[Data provided]

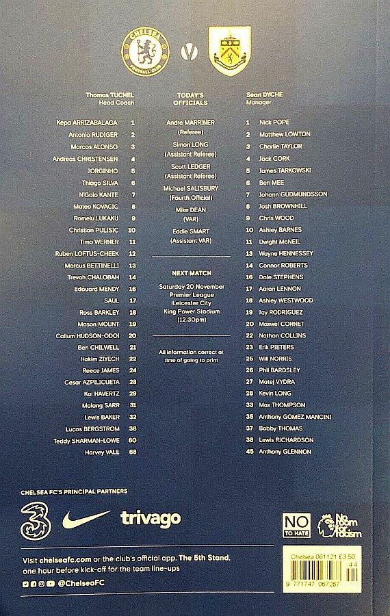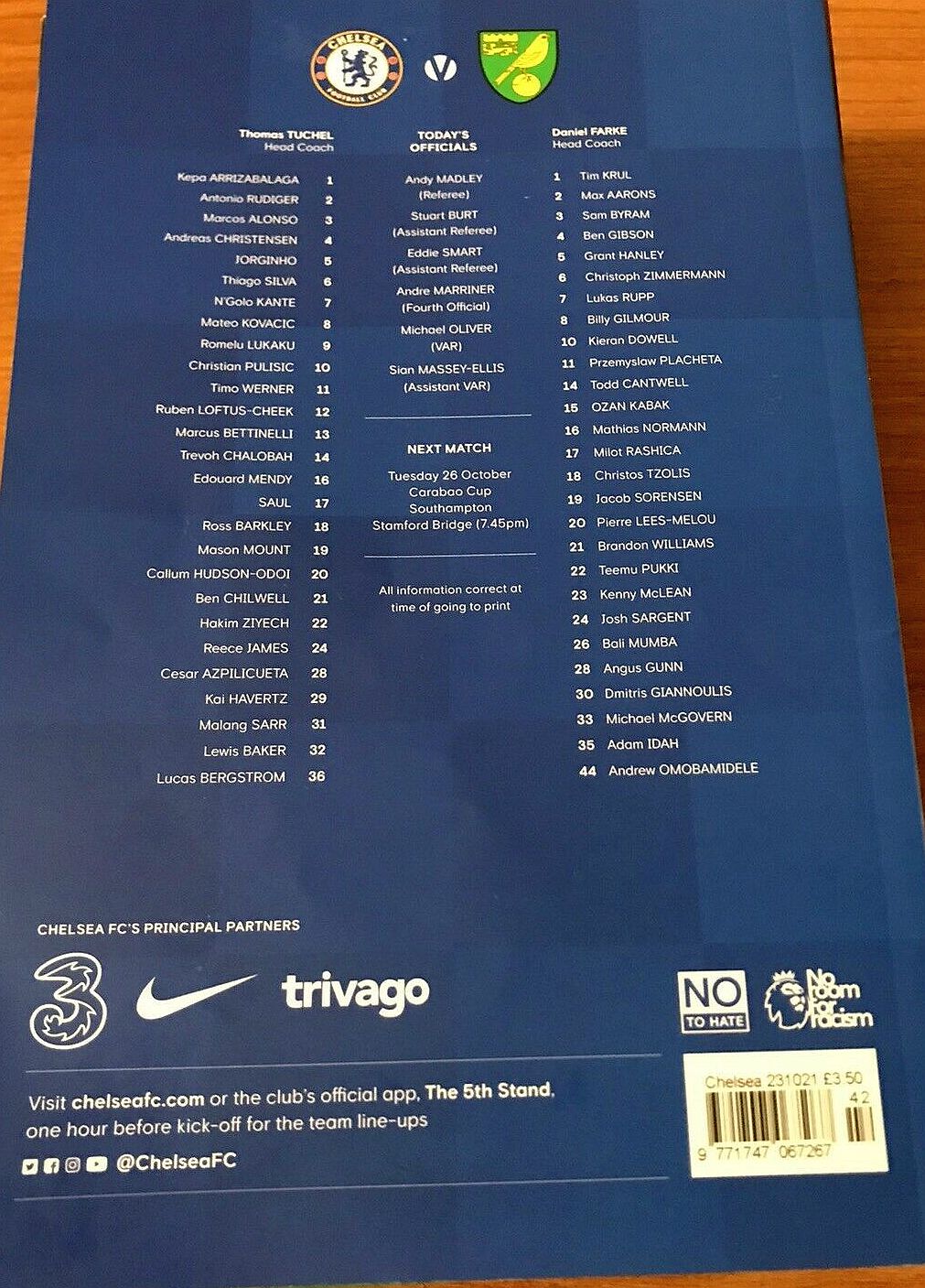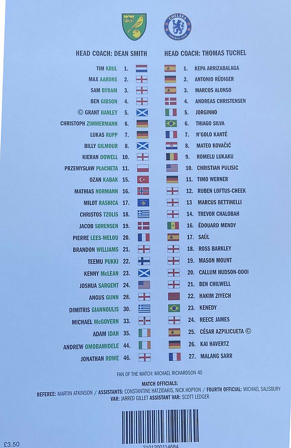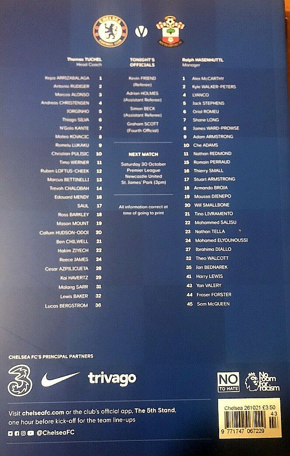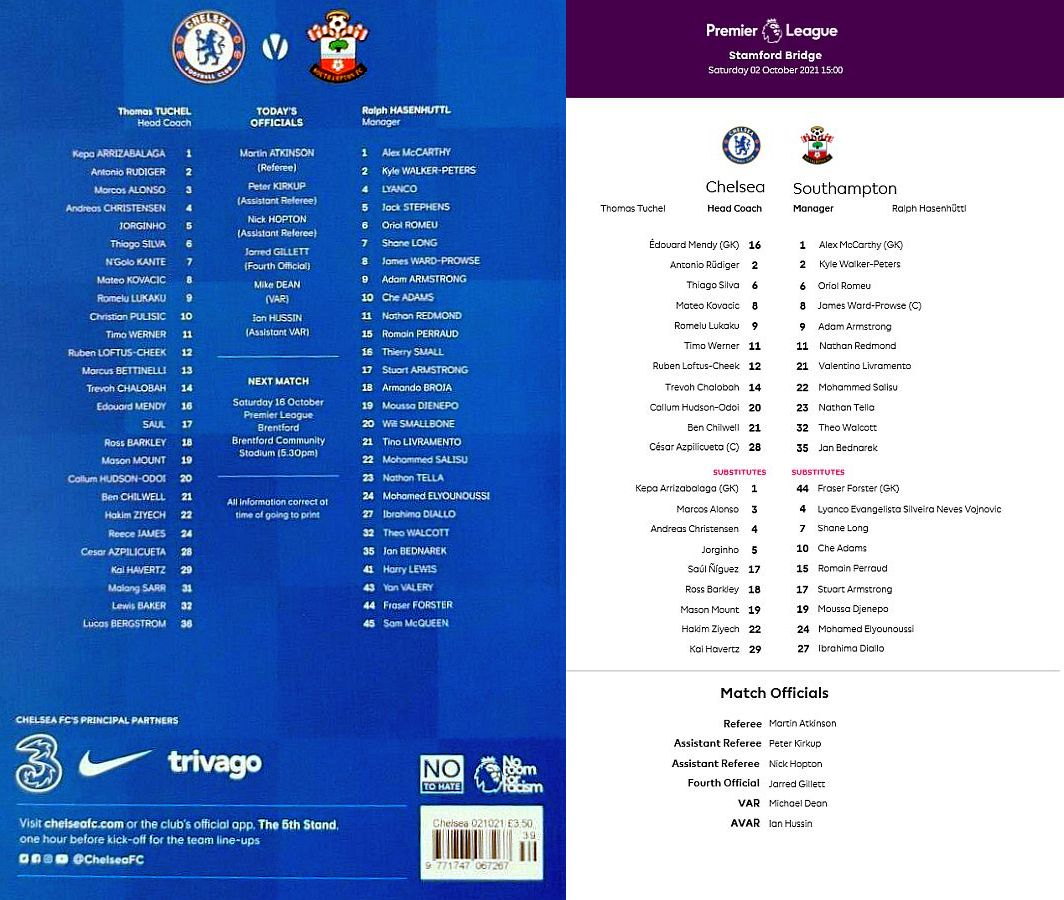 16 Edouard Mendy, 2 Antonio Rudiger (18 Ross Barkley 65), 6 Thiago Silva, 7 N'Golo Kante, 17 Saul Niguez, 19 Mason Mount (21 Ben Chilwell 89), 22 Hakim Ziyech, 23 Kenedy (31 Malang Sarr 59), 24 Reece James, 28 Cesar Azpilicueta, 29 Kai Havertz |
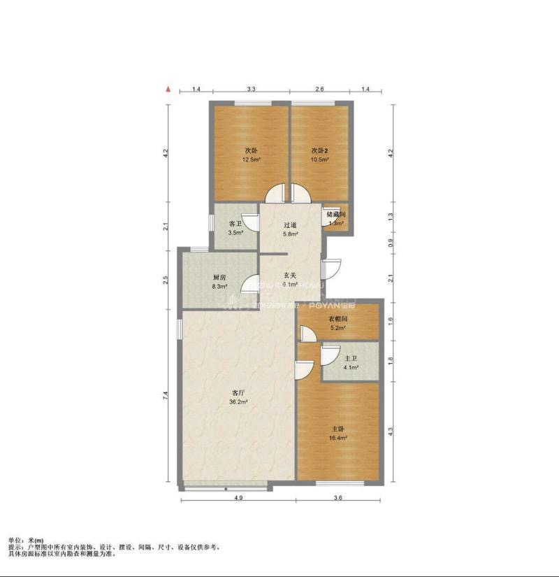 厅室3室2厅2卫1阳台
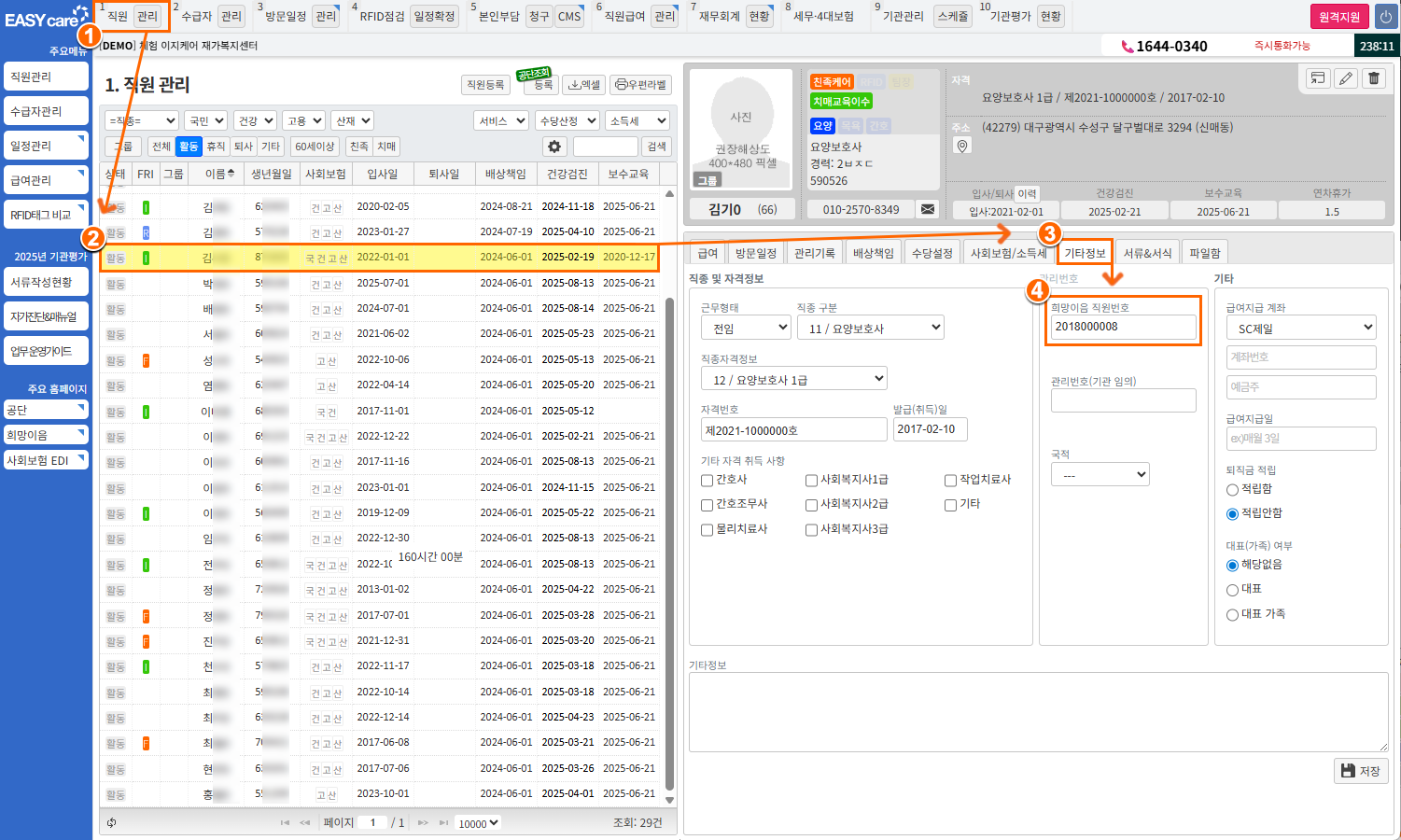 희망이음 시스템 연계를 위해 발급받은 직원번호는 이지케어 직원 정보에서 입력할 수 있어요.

[Activity]
Everything in the material except the pictures should be restated word for word.

[Output for this exercise]
 16 Edouard Mendy, 2 Antonio Rudiger (18 Ross Barkley 65), 6 Thiago Silva, 7 N'Golo Kante, 17 Saul Niguez, 19 Mason Mount (21 Ben Chilwell 89), 22 Hakim Ziyech, 23 Kenedy (31 Malang Sarr 59), 24 Reece James, 28 Cesar Azpilicueta, 29 Kai Havertz |
 厅室3室2厅2卫1阳台
 희망이음 시스템 연계를 위해 발급받은 직원번호는 이지케어 직원 정보에서 입력할 수 있어요.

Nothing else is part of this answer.